Repeat the data in full. Drop every picture.

_Dataset records:_
——————
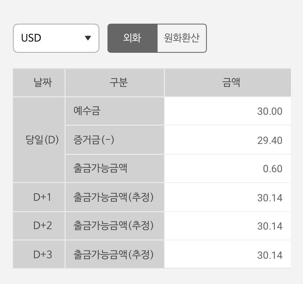 나무증권 30달러 이벤트 저번주 금요일에 매수 매도 했고 출금가능추정이 저렇게 나와있는데 보통 매수매도하면 당일 예수금은 0달러가 되야하는거 아닌가요 ?? 아니면 내일 출금 가능한지
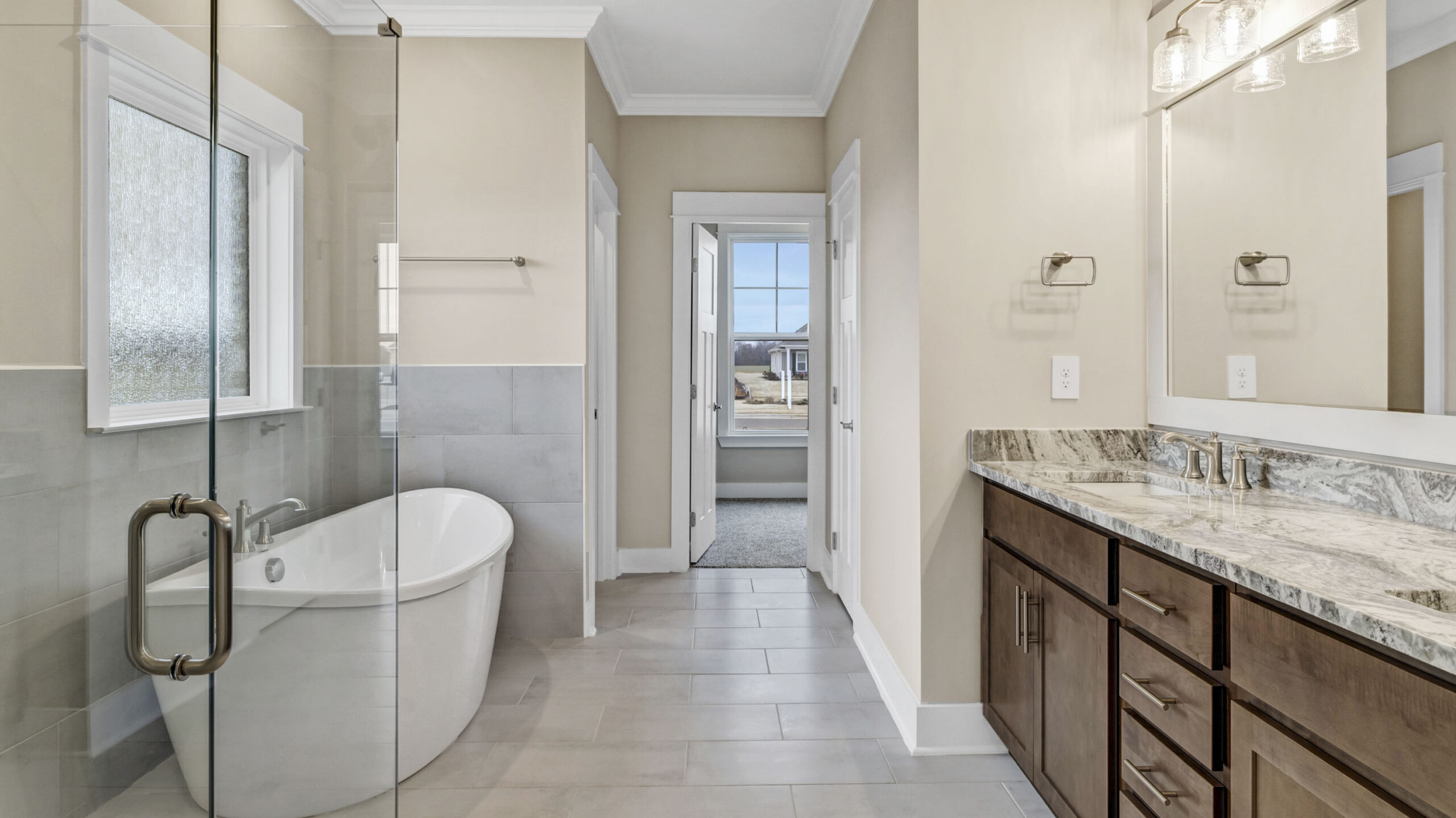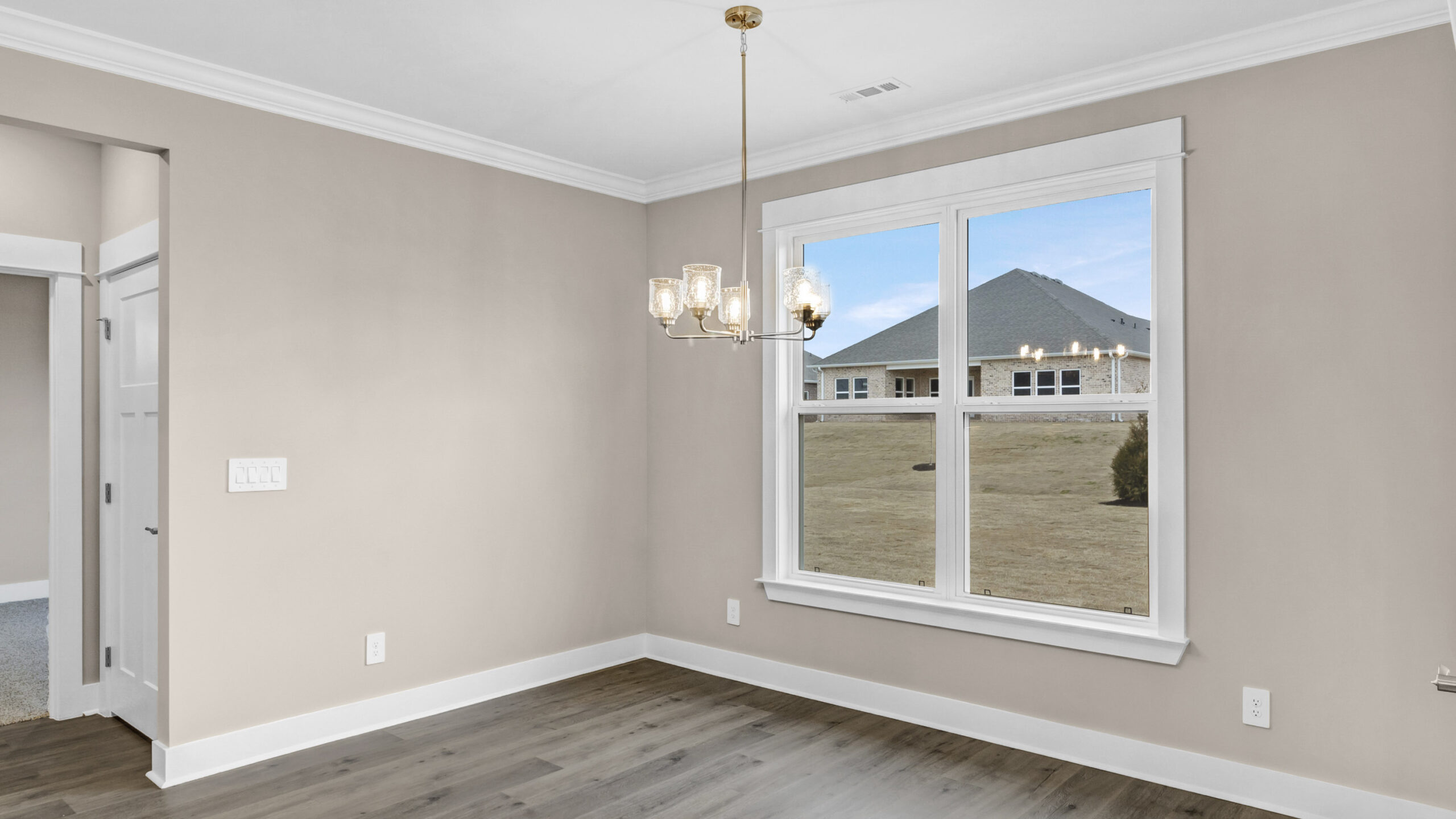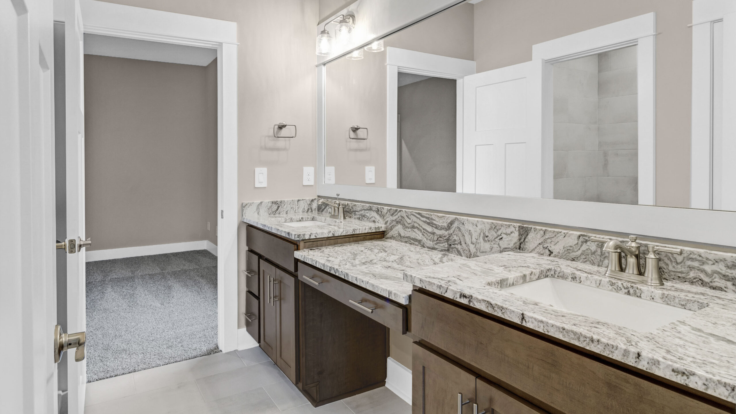 A space for every imaginable use, this home exudes luxury and comfort. Enter through the heavy-wood door into the foyer. The open layout allows the formal dining room to open to great room area and continuously flow into the chef’s kitchen. The gourmet kitchen boasts beautiful painted cabinetry, gorgeous granite counters, a large work island, gas cooktop, stainless steel dishwasher, and built-in wall mounted oven and microwave.
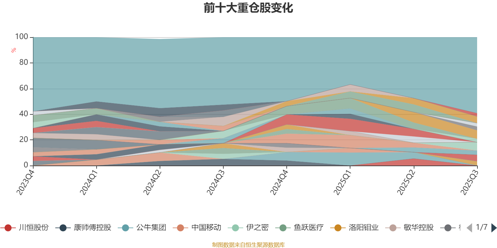 截至2025年三季度末,基金十大重仓股分别是伊利股份、新宙邦、三一重工、腾讯控股、百胜中国、洛阳钼业、中国人寿、牧原股份、东岳集团、兆易创新。
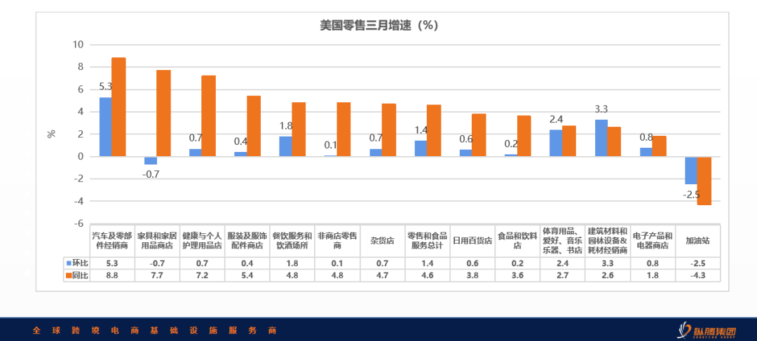 在“没钱、缺货”的双重压力下,零售商还面临零售增长不确定的前景,博弈空间日益收窄。结合3月零售数据来看,美国零售消费显示结构分化:除了汽配、建材、体育品类表现良好;家居、服装,健康护理销售增长乏力,甚至负数。
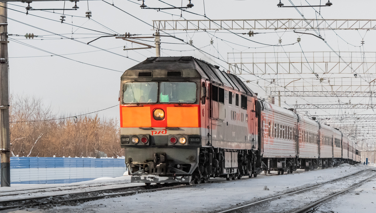 ТЭП70-0258 с поездом №110Э Москва - Новый Уренгой следует по станции Тюмень.
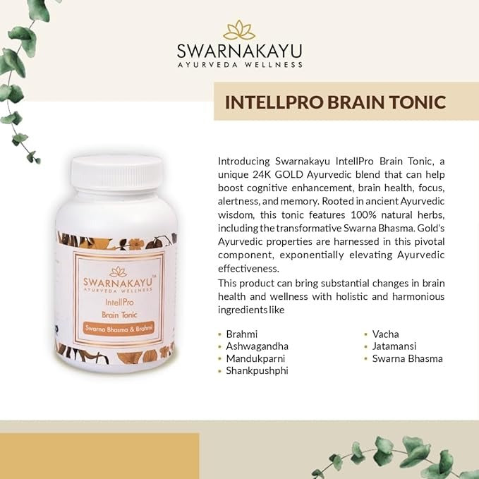 Swarnakayu 24K Gold Bhasma IntellPro Brain Booster Supplements - 30 Tabs
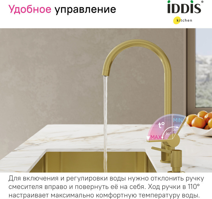 Смеситель для кухни Iddis Pure PURMGFJi05, золото матовое
——————
_Expected answer:_
 나무증권 30달러 이벤트 저번주 금요일에 매수 매도 했고 출금가능추정이 저렇게 나와있는데 보통 매수매도하면 당일 예수금은 0달러가 되야하는거 아닌가요 ?? 아니면 내일 출금 가능한지
 A space for every imaginable use, this home exudes luxury and comfort. Enter through the heavy-wood door into the foyer. The open layout allows the formal dining room to open to great room area and continuously flow into the chef’s kitchen. The gourmet kitchen boasts beautiful painted cabinetry, gorgeous granite counters, a large work island, gas cooktop, stainless steel dishwasher, and built-in wall mounted oven and microwave.
 截至2025年三季度末,基金十大重仓股分别是伊利股份、新宙邦、三一重工、腾讯控股、百胜中国、洛阳钼业、中国人寿、牧原股份、东岳集团、兆易创新。
 在“没钱、缺货”的双重压力下,零售商还面临零售增长不确定的前景,博弈空间日益收窄。结合3月零售数据来看,美国零售消费显示结构分化:除了汽配、建材、体育品类表现良好;家居、服装,健康护理销售增长乏力,甚至负数。
 ТЭП70-0258 с поездом №110Э Москва - Новый Уренгой следует по станции Тюмень.
 Swarnakayu 24K Gold Bhasma IntellPro Brain Booster Supplements - 30 Tabs
 Смеситель для кухни Iddis Pure PURMGFJi05, золото матовое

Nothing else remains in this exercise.